Pearl S. Buck was born in Hillsboro, West Virginia on June 26, 1892. Her parents, Caroline and Absalom, were missionaries and took their small daughter to China when she was only three months old. She was brought up there and first knew the Chinese language and customs, and then was taught English by her mother and her teacher. She was encouraged to write at an early age.
By 1910, she left for America and went to Randolph-Macon Women’s College, where she would earn her degree in 1914. She then returned to China, and married John Lossing Buck in 1917. In 1921, she and John had a daughter, Carol, and the small family moved to Nanking where Pearl taught English Literature at the university. In 1926, she left China and returned to the United States for a short time in order to earn her Master of Arts degree from Cornell University.
Buck began her writing career in 1930 with her first publication of East Wind:West Wind. In 1931 she wrote her best known novel, The Good Earth, which is considered to be one of the best of her many works. The story of the farmer Wang Lung’s life brought her the Pulitzer Prize for Fiction in 1932. Her career would keep flourishing, and she won the William Dean Howells Medal in 1935.
Pearl was forced to flee China in 1934 due to political tensions. She returned to the United States, and obtained a divorce from her husband. She would then marry Richard J. Walsh, president of the John Day Publishing Company, and adopt six other children.

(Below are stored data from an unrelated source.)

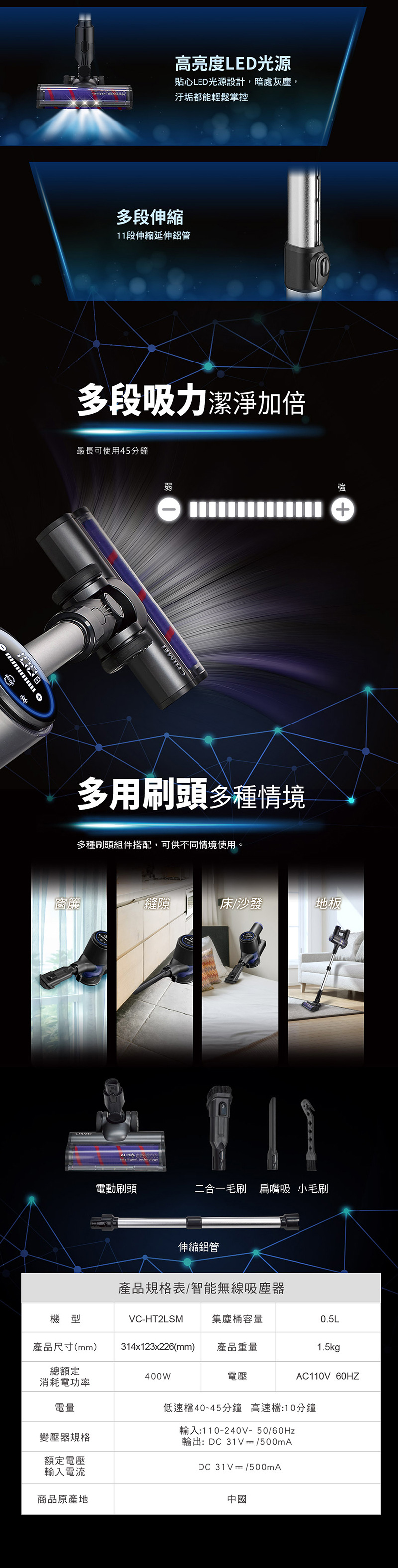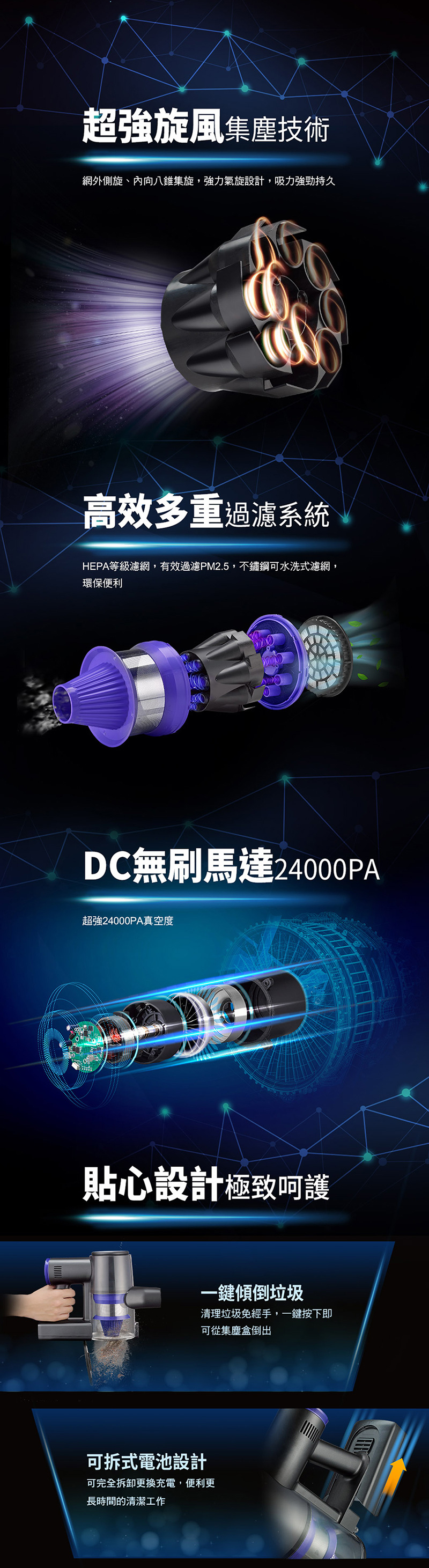 ◆採用DC無刷馬達吸力更強勁,使用壽命更長。
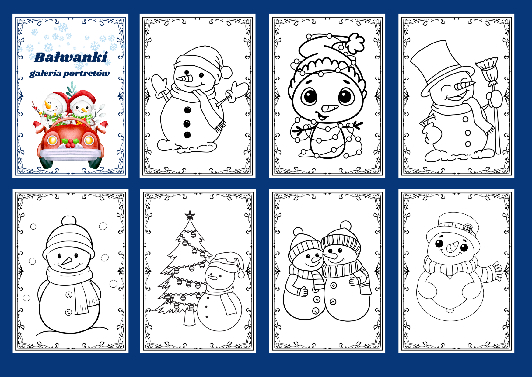 Materiał zawiera 45 kolorowanki z bałwankami oraz stronę tytułową i pustą kartę z ramką. Po pomalowaniu przez dzieci kolorowanek, można stworzyć gazetkę – klasową galerię portretów bałwanków.
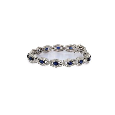 Invendus Bracelet ligne articulé en or gris 750‰, platine 950‰ et sap… Description Son estimation se situe entre 2 000 et 3 000 €. Présenté par Gros & Delettrez à Paris. 2 photos disponibles.
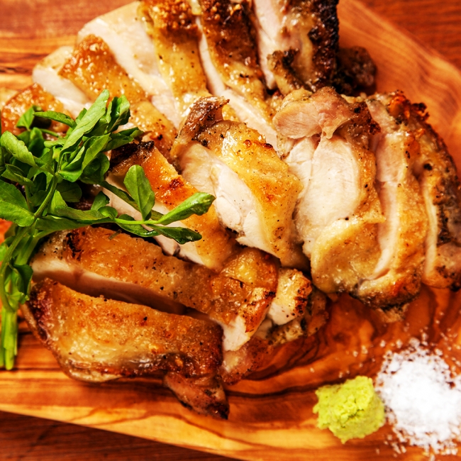 徹底した飼育管理のもとで育てられた茨城県産の美明豚。生産者の思いを受け継ぎ、48時間=丸2日、香草でじっくりマリネして手間暇と愛情をしっかり漬けこんだ肉には骨の髄まで旨みが浸透しているかのよう。豪快にかぶりつけば、骨の周りの肉が最も美味しいとの通説にもうなずけるはず。

In 1938 she would become the first woman ever to win the Nobel Prize for Literature, after writing biographies of her parents, The Exile, and The Fighting Angel.
In her lifetime, Pearl S. Buck would write over 100 works of literature, her most known being The Good Earth. She wrote novels, short stories, fiction, and stories for children. Many of her life experiences are related to or in her books. She wanted to prove to her readers that universality of mankind can exist if they accept it. She dealt with many topics including women, emotions (in general), Asians, immigration, adoption, and conflicts that many people go through in life.